Perform FW update? [y/N]: y
Device #1: Updating FW ...
FSMST_INITIALIZE - OK
Writing Boot image component - OK
Done
Device #2: Updating FW ...
FSMST_INITIALIZE - OK
Writing Boot image component - OK
Done
Restart needed for updates to take effect.
Log File: /tmp/mlxup_workdir/mlxup-20250109_190606_17886.log
Notice the firmware upgrade completed but we need to restart the cards for the changes to take effect.
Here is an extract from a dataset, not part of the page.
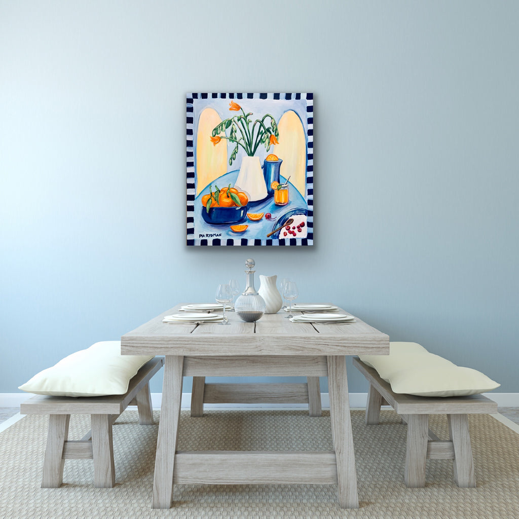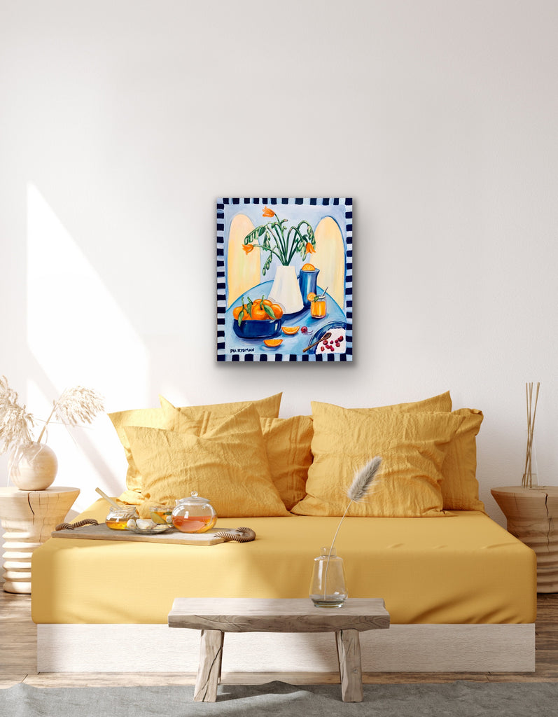 Teoksen ulkoreunat on maalattu samalla kuviolla kuin etureunan kehys. Teos on ripustusvalmis. Alkuperäinen akryyli/öljyvärimaalaus.

We can use the mlxfwreset
command to do this and then validate with the flint
command that the card is running the new firmware.
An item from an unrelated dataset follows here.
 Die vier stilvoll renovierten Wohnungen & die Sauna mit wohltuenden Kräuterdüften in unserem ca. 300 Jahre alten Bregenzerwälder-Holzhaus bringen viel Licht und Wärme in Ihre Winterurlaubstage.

sh-5.1# mlxfwreset -d /dev/mst/mt4129_pciconf0 reset -y
The reset level for device, /dev/mst/mt4129_pciconf0 is:
3: Driver restart and PCI reset
Continue with reset?[y/N] y
-I- Sending Reset Command To Fw -Done
-I- Stopping Driver -Done
-I- Resetting PCI -Done
-I- Starting Driver -Done
-I- Restarting MST -Done
-I- FW was loaded successfully.
sh-5.1# flint -d /dev/mst/mt4129_pciconf0 query
Image type: FS4
FW Version: 28.43.1014
FW Release Date: 7.11.2024
Product Version: 28.43.1014
Rom Info: type=UEFI version=14.36.16 cpu=AMD64,AARCH64
type=PXE version=3.7.500 cpu=AMD64
Description: UID GuidsNumber
Base GUID: e09d730300126474 16
Base MAC: e09d73126474 16
Image VSD: N/A
Device VSD: N/A
PSID: MT_0000001244
Security Attributes: secure-fw
We can repeat the same steps on the second card in the system to complete the firmware update.
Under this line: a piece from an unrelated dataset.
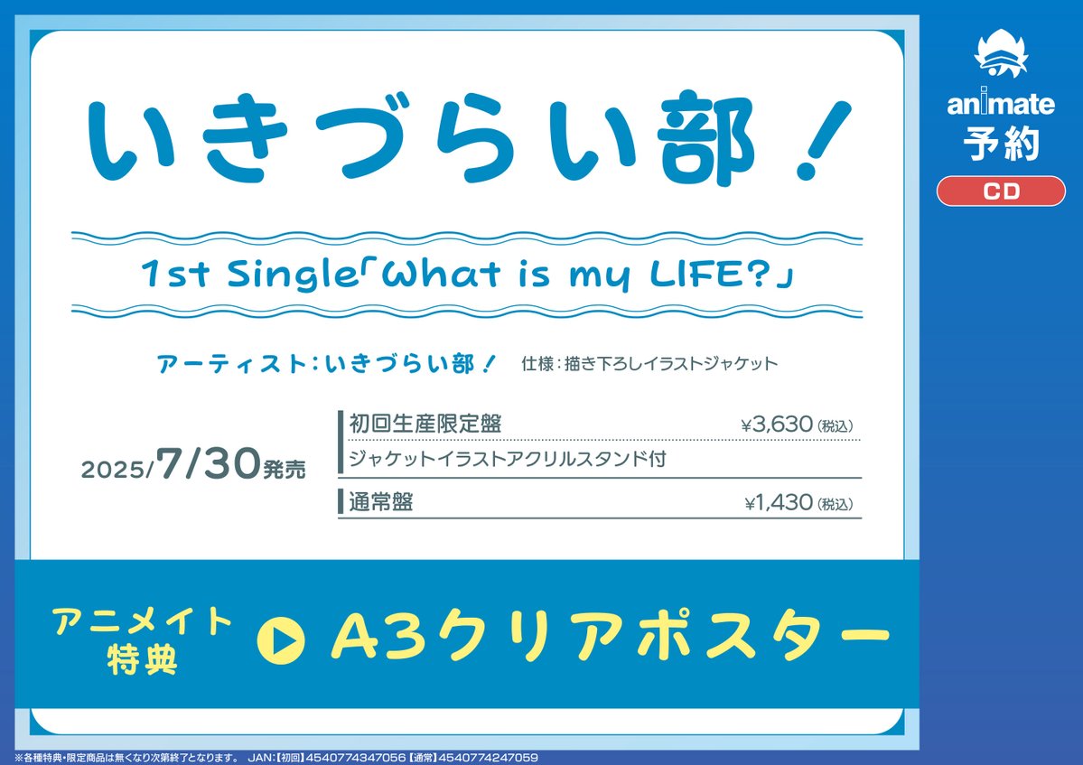 【CD予約情報】 ラブライブ! イキヅライブ! LOVELIVE! BLUEBIRD いきづらい部! 1st Single「What is my LIFE?」 予約受付中コォ🎵🎵 🎁アニメイト特典:A3クリアポスター #イキヅライブ! #いきづらい部! 🔽バーコード提示で簡単予約 animate-onlineshop.jp/pd/3130471/?ut…

sh-5.1# mlxfwreset -d /dev/mst/mt4129_pciconf1 reset -y
The reset level for device, /dev/mst/mt4129_pciconf1 is:
3: Driver restart and PCI reset
Continue with reset?[y/N] y
-I- Sending Reset Command To Fw -Done
-I- Stopping Driver -Done
-I- Resetting PCI -Done
-I- Starting Driver -Done
-I- Restarting MST -Done
-I- FW was loaded successfully.
sh-5.1# flint -d /dev/mst/mt4129_pciconf1 query
Image type: FS4
FW Version: 28.43.1014
FW Release Date: 7.11.2024
Product Version: 28.43.1014
Rom Info: type=UEFI version=14.36.16 cpu=AMD64,AARCH64
type=PXE version=3.7.500 cpu=AMD64
Description: UID GuidsNumber
Base GUID: e09d730300125fc4 16
Base MAC: e09d73125fc4 16
Image VSD: N/A
Device VSD: N/A
PSID: MT_0000001244
Security Attributes: secure-fw
Once the firmware update has been completed and validate we can remove the container as this completes the firmware update example.
Hopefully this gives an idea of what is required to use this container method which hopes to simplify the ability of upgrading Mellanox/NVIDIA firmware in a image based operating system like Red Hat CoreOS in OpenShift Container Platform.